Extracted records

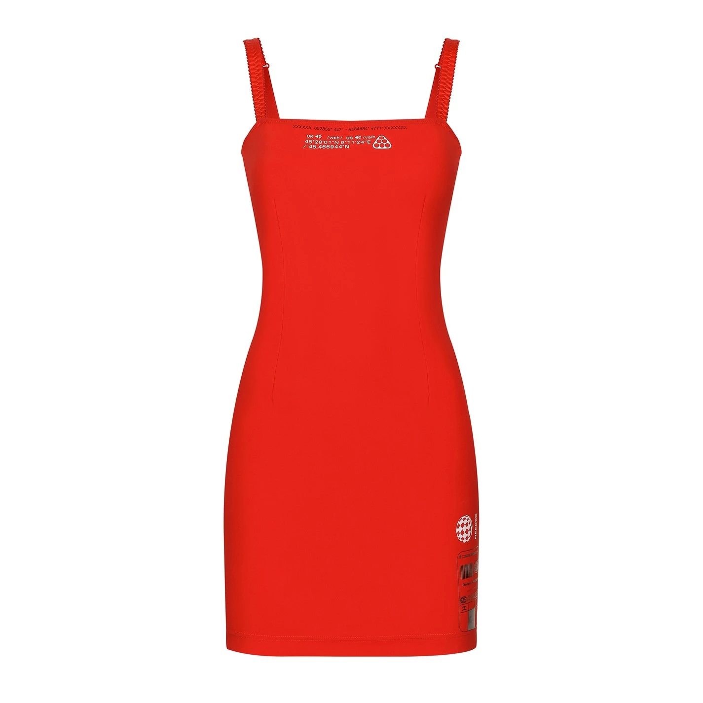 The perfect example of this audacious new proposition is this Stretch Jersey Dress, exquisitely crafted in a premium nylon blend. Meticulously cut in a mini-length silhouette, this striking design boasts a square neckline framed by adjustable shoulder straps and a concealed tonal zip fastening to the rear. Tailored darts on the front and rear offer a structured touch and evoke the label’s high-end sophistication. A straight hem and discreet tone-on-tone stitching complete the construction. The arresting block colouring provides an exceptional foundation to style this piece alongside any accessories, making it the focal point of any ensemble. Finally, no design in the collection is complete without the urban-inspired text and graphic prints on the front, left side, and rear to guarantee a playful finishing touch. External composition: 80% polyamide, 20% elastane. Please refer to and follow garment labelling for precise care instructions.
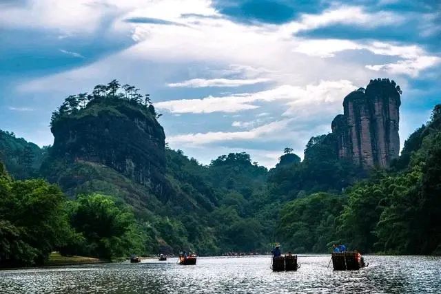 武夷山是福建著名的山水胜地,这里有奇峰秀水、古树参天、岩洞幽深。在这里,你可以乘坐竹筏漂流九曲溪,欣赏两岸美景;还可以登山探险,感受大自然的鬼斧神工。
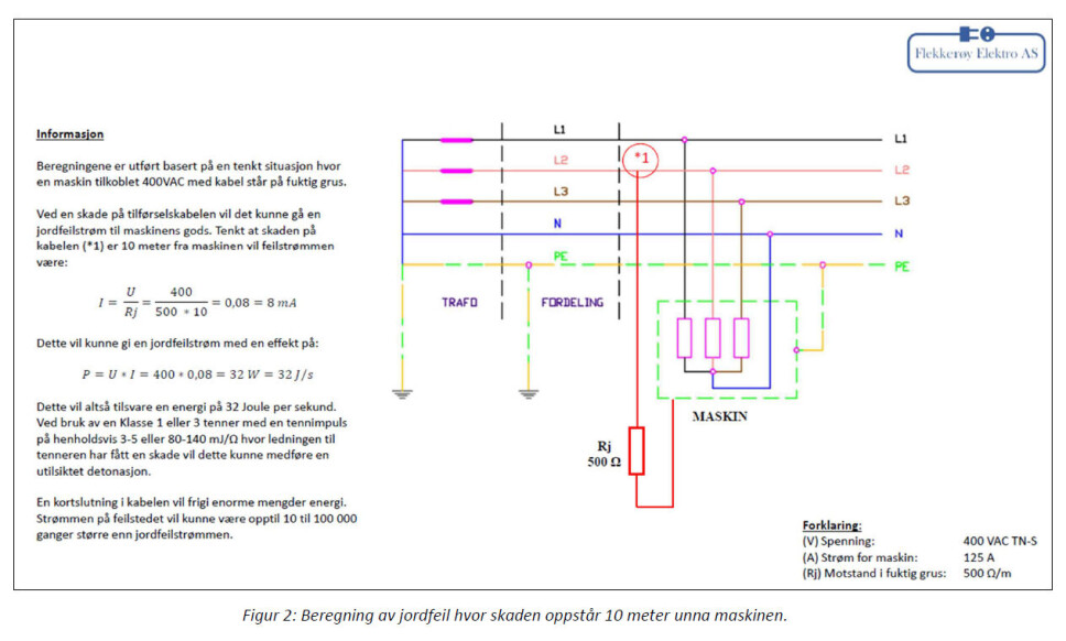 Beregningene har vist at ved kortslutning på strømkabel til en elektrisk maskin, kortslutning internt på en maskin, jordfeil og/eller krypstrøm, vil dette være nok elektrisk kraft til utilsiktet å kunne antenne elektriske tennsystemer i alle de vanligste tennklassene som finnes i dagens marked, og som har vært benyttet i stor grad i tidligere år.
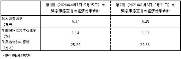 この経済損失は、今年1月から3月にかけて実施された緊急事態宣言による経済損失推定額の6.3兆円と比べれば、まだ10分の1以下の規模にとどまる(図表2)。
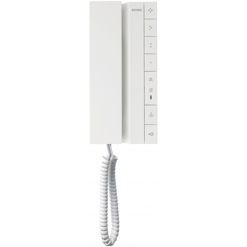 Citofono cornetta Voxie per sistema Due Fili Plus con 6 pulsanti per le funzioni apertura serratura e servizio ausiliario (luce scale), 4 pulsanti programmabili per funzioni e servizi ausiliari, installazione a parete, bianco
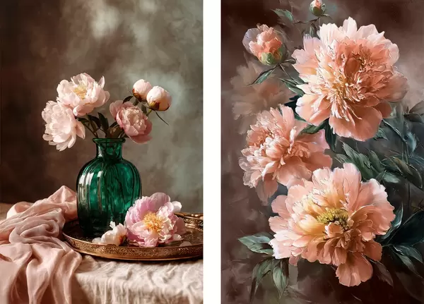 Poster Kompozycja z różowymi piwoniami w wazonie i na płótnie Nr d00578
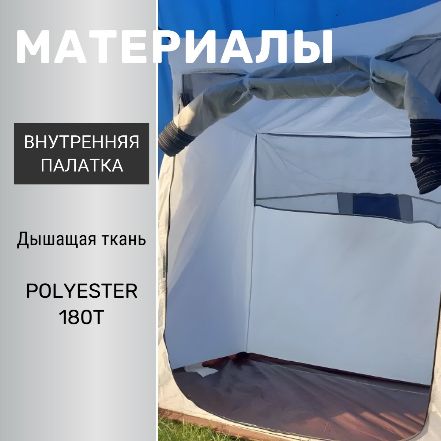 Палатка туристическая 4 местная двухслойная с навесом, палатка с тамбуром пляжная с москитной сеткой для кемпинга, туризма и рыбалки
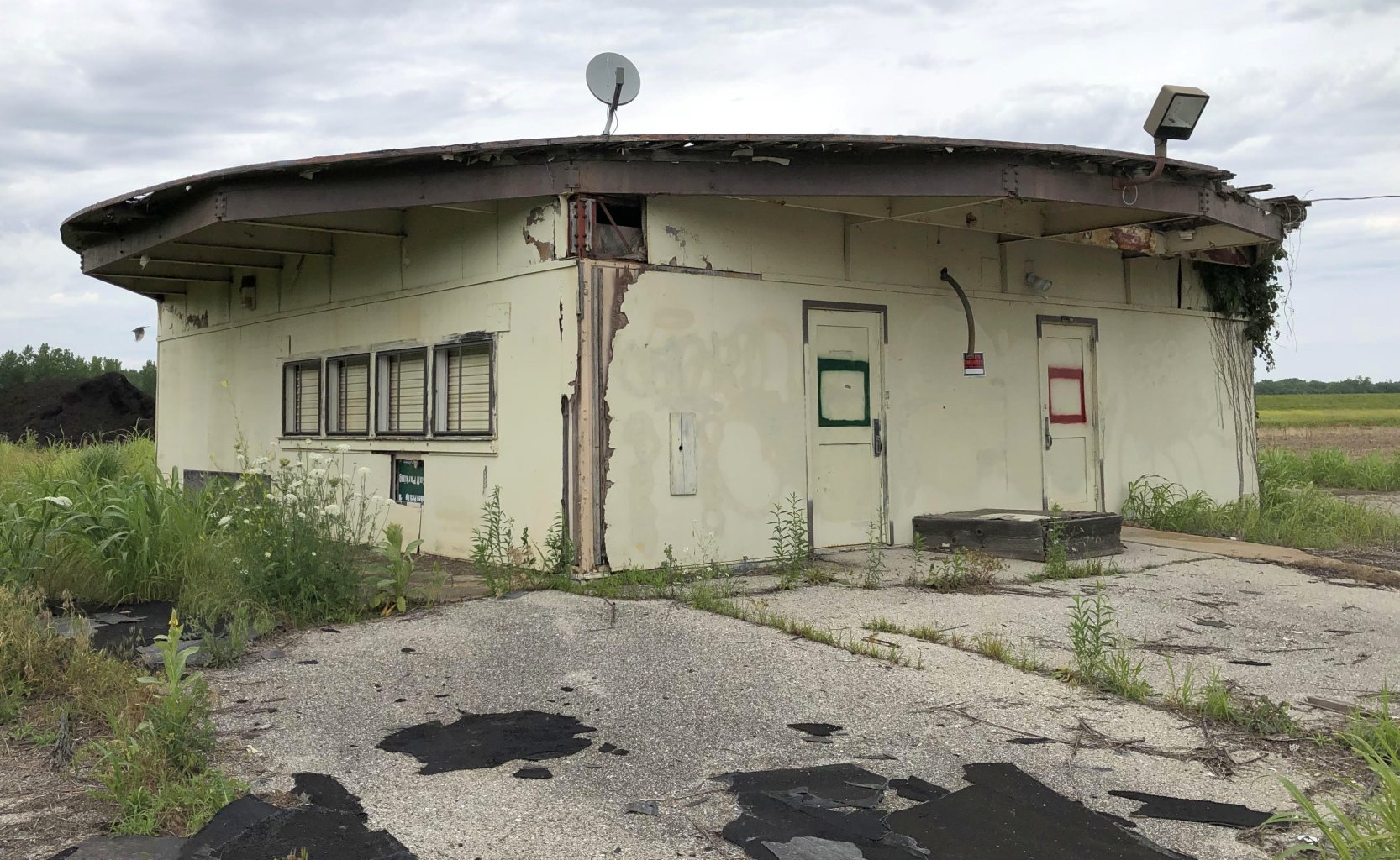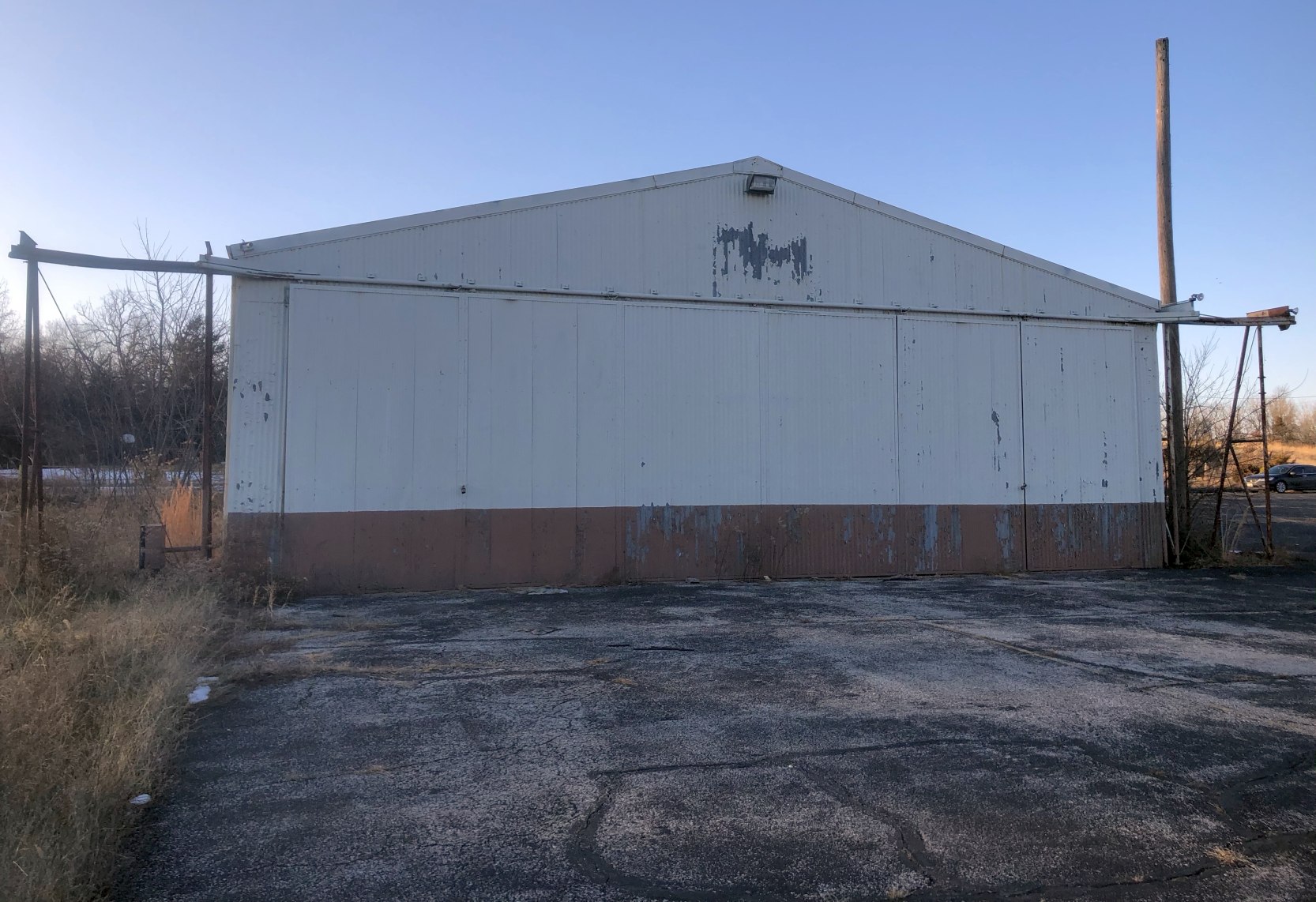 At some point since the 1930s a 2-story airport office building had been added next to the hangar, with a control tower on top.

▶ [WHAT TO WORK ON] Only the lines from the one holding "Палатка туристическая 4" to the last line of the entries above should be printed, exactly as they appear and with no pictures.

▶ [REPLY TO THE EXERCISE]
 Палатка туристическая 4 местная двухслойная с навесом, палатка с тамбуром пляжная с москитной сеткой для кемпинга, туризма и рыбалки
 At some point since the 1930s a 2-story airport office building had been added next to the hangar, with a control tower on top.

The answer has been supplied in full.